TRY IT ->
Print every record below exactly as it stands, but leave out the pictures.
-- -- --
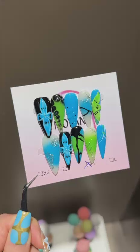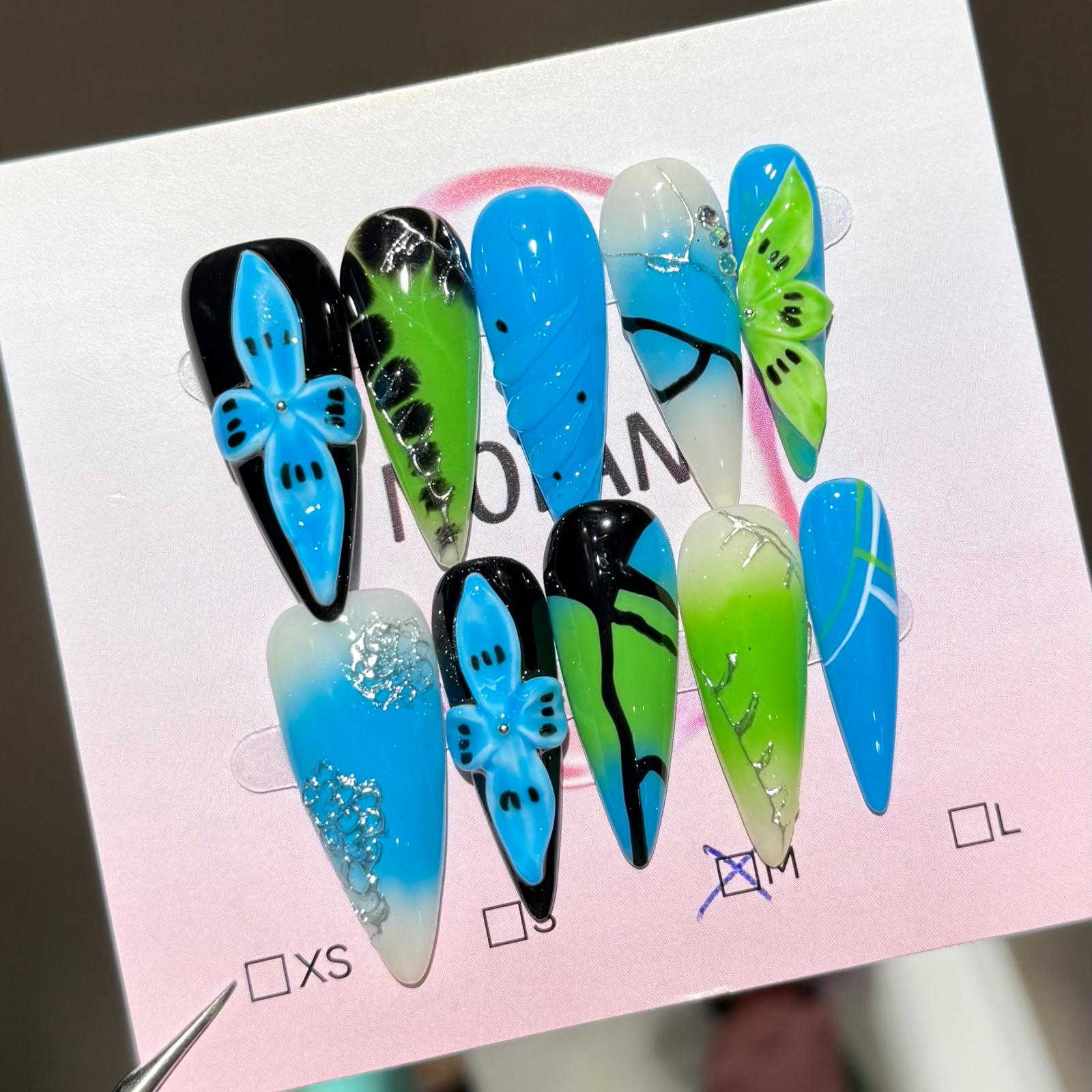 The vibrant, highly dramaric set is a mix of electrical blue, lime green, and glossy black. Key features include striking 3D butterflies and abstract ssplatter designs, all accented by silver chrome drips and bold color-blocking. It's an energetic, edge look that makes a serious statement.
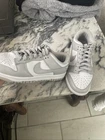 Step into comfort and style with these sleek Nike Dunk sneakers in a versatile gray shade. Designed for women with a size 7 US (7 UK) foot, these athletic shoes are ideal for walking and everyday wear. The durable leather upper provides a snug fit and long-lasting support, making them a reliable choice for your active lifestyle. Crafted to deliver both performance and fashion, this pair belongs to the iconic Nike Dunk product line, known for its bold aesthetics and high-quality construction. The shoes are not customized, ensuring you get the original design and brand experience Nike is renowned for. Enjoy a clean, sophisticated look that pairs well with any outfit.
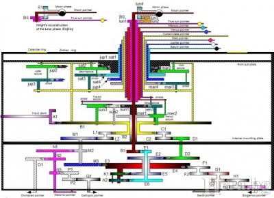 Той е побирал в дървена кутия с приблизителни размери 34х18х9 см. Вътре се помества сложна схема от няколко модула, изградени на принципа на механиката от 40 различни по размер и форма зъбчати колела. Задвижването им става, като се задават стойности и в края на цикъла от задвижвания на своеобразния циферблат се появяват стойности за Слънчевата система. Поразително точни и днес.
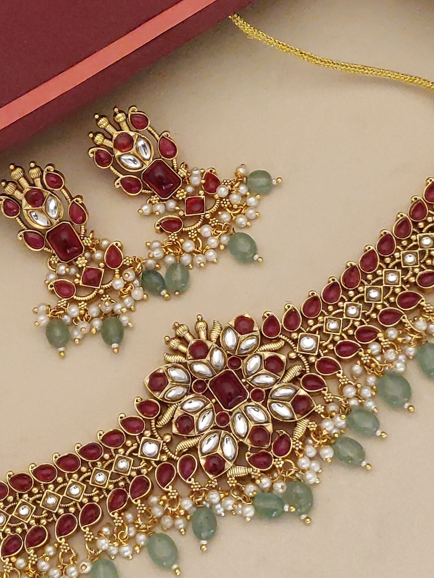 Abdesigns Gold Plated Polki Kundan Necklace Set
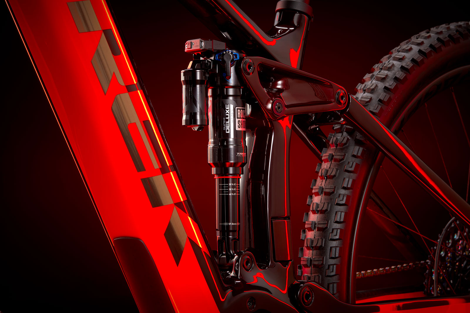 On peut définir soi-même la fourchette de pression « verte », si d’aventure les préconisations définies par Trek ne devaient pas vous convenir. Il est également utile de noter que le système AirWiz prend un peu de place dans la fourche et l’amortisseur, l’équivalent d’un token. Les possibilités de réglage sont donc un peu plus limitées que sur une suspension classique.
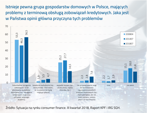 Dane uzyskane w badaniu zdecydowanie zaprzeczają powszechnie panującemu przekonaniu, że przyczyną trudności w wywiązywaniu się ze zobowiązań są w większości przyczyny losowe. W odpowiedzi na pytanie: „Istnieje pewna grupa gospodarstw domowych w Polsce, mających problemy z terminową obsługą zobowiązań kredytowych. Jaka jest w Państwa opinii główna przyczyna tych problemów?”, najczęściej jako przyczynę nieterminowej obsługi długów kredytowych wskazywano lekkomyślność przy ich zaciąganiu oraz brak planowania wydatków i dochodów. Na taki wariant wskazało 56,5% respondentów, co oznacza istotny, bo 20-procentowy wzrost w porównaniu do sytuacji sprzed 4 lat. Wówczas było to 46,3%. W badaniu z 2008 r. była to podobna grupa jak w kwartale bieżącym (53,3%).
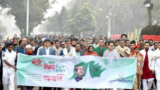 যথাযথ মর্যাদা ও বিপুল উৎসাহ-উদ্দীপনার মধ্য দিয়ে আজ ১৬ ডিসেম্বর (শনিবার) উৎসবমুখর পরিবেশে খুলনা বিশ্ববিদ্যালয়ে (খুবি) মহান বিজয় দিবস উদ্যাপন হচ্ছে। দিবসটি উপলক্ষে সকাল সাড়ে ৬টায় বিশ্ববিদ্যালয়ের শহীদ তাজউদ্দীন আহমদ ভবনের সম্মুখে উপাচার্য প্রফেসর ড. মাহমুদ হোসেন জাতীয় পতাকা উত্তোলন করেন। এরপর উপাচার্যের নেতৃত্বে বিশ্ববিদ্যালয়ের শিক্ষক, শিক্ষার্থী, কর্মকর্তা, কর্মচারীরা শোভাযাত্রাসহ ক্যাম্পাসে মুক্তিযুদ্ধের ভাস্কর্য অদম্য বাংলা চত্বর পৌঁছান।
-- -- --
SOLUTION ->
 The vibrant, highly dramaric set is a mix of electrical blue, lime green, and glossy black. Key features include striking 3D butterflies and abstract ssplatter designs, all accented by silver chrome drips and bold color-blocking. It's an energetic, edge look that makes a serious statement.
 Step into comfort and style with these sleek Nike Dunk sneakers in a versatile gray shade. Designed for women with a size 7 US (7 UK) foot, these athletic shoes are ideal for walking and everyday wear. The durable leather upper provides a snug fit and long-lasting support, making them a reliable choice for your active lifestyle. Crafted to deliver both performance and fashion, this pair belongs to the iconic Nike Dunk product line, known for its bold aesthetics and high-quality construction. The shoes are not customized, ensuring you get the original design and brand experience Nike is renowned for. Enjoy a clean, sophisticated look that pairs well with any outfit.
 Той е побирал в дървена кутия с приблизителни размери 34х18х9 см. Вътре се помества сложна схема от няколко модула, изградени на принципа на механиката от 40 различни по размер и форма зъбчати колела. Задвижването им става, като се задават стойности и в края на цикъла от задвижвания на своеобразния циферблат се появяват стойности за Слънчевата система. Поразително точни и днес.
 Abdesigns Gold Plated Polki Kundan Necklace Set
 On peut définir soi-même la fourchette de pression « verte », si d’aventure les préconisations définies par Trek ne devaient pas vous convenir. Il est également utile de noter que le système AirWiz prend un peu de place dans la fourche et l’amortisseur, l’équivalent d’un token. Les possibilités de réglage sont donc un peu plus limitées que sur une suspension classique.
 Dane uzyskane w badaniu zdecydowanie zaprzeczają powszechnie panującemu przekonaniu, że przyczyną trudności w wywiązywaniu się ze zobowiązań są w większości przyczyny losowe. W odpowiedzi na pytanie: „Istnieje pewna grupa gospodarstw domowych w Polsce, mających problemy z terminową obsługą zobowiązań kredytowych. Jaka jest w Państwa opinii główna przyczyna tych problemów?”, najczęściej jako przyczynę nieterminowej obsługi długów kredytowych wskazywano lekkomyślność przy ich zaciąganiu oraz brak planowania wydatków i dochodów. Na taki wariant wskazało 56,5% respondentów, co oznacza istotny, bo 20-procentowy wzrost w porównaniu do sytuacji sprzed 4 lat. Wówczas było to 46,3%. W badaniu z 2008 r. była to podobna grupa jak w kwartale bieżącym (53,3%).
 যথাযথ মর্যাদা ও বিপুল উৎসাহ-উদ্দীপনার মধ্য দিয়ে আজ ১৬ ডিসেম্বর (শনিবার) উৎসবমুখর পরিবেশে খুলনা বিশ্ববিদ্যালয়ে (খুবি) মহান বিজয় দিবস উদ্যাপন হচ্ছে। দিবসটি উপলক্ষে সকাল সাড়ে ৬টায় বিশ্ববিদ্যালয়ের শহীদ তাজউদ্দীন আহমদ ভবনের সম্মুখে উপাচার্য প্রফেসর ড. মাহমুদ হোসেন জাতীয় পতাকা উত্তোলন করেন। এরপর উপাচার্যের নেতৃত্বে বিশ্ববিদ্যালয়ের শিক্ষক, শিক্ষার্থী, কর্মকর্তা, কর্মচারীরা শোভাযাত্রাসহ ক্যাম্পাসে মুক্তিযুদ্ধের ভাস্কর্য অদম্য বাংলা চত্বর পৌঁছান।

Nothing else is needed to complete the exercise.